Feeling Afraid? You’ve Got Company

Do you worry about corrupt government officials? Fret that the water you drink or the ocean, river or lake where you swim is polluted? If so, you have plenty of company. Americans are growing increasingly afraid of these and other threats, according to the fifth annual Chapman University Survey of American Fears.

For the first time since the survey began in 2014, a majority of respondents are afraid of each of the top 10 items on the fear list. The findings reflect Americans’ rising anxiety and changing views about perceived dangers, say the three principal investigators for the survey.

“It is worth noting that the fears regarding corruption and the environment have increased significantly following the election of President Trump in 2016, and all of the top 10 fears continue to reflect topics often discussed in the media,” said Christopher Bader, Ph.D., professor of sociology.

Government corruption continues as Americans’ top concern. But for the first time, environmental worries rose enough that they now represent half of the top 10 fears in the survey. Researchers point to extreme weather events, the Trump’s administration’s pullback on environmental protections and the economy as reasons for the greener attitudes.

“In good economic times you’ll see fears like the environment popping up, whereas if we were having a dire economic situation, we would expect more economic fears to be on the list,” said Ann Gordon, Ph.D., associate professor of political science.
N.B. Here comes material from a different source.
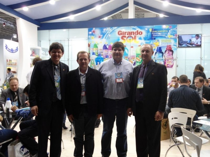 O Prefeito Sidnei Eckert e o Coordenador das Secretarias, Klaus Werner Schnack, estiveram na última semana em Porto Alegre, no Centro de Eventos da Fiergs, palco da Expoagas 2013. Na ocasião, prestigiaram as empresas e colaboradores arroiomeenses presentes no evento, ratificando o apoio da administração municipal e o desejo de sucesso aos mesmos, o que reflete diretamente na economia do município. Este ano, as empresas Girando Sol (produtos de limpeza), Elev (cosméticos) e Central Sul (produtos automotivos) marcaram presença na 32ª edição da Convenção Gaúcha de Supermercados, realizada no período de 20 a 22 de agosto. Além destas, diversos representantes comerciais e colaboradores do município, atuantes em empresas regionais, também participaram do evento. Ao todo, 340 expositores demonstraram seus produtos nos estandes da feira que proporciona oportunidades de fechar negócios, conhecer e lançar produtos no mercado, além de palestras e cursos de capacitação. Segundo balanço divulgado pela Feira, a Expoagas 2013 encerrou com um volume recorde de negócios, na ordem de R$ R$ 333,8 milhões, com destaque para os segmentos de limpeza, laticínios e equipamentos. Legenda: Líderes municipais visitaram as empresas arroiomeenses Elev, Girando Sol e Centralsul na Expoagas 2013. Fotos: Divulgação Texto: Assessoria de Imprensa

Researchers also noted that most Americans don’t consider immigrants more likely than U.S. citizens to commit crimes. In addition, Americans are less fearful of Muslims in American society than was indicated in previous surveys.

“Two years ago, one out of three Americans thought immigration from Muslim countries should be banned; now that’s one out of five. The majority of Americans are not afraid of illegal immigration. Two out of three Americans do not want a border wall,” said Ed Day, Ph.D., professor and chair of the Department of Sociology.

The findings were drawn from the responses of 1,190 adults in summer 2018. While they offered a snapshot of the nation’s collective pre-election mindset, the findings also raise a set of unique and ongoing concerns for the researchers.

“What frightens Republicans the most doesn’t even register for Democrats, and vice versa. We see that bifurcation increasing, and that frightens me,” Bader said during an Oct. 12 talk at Chapman’s Family Homecoming Celebration.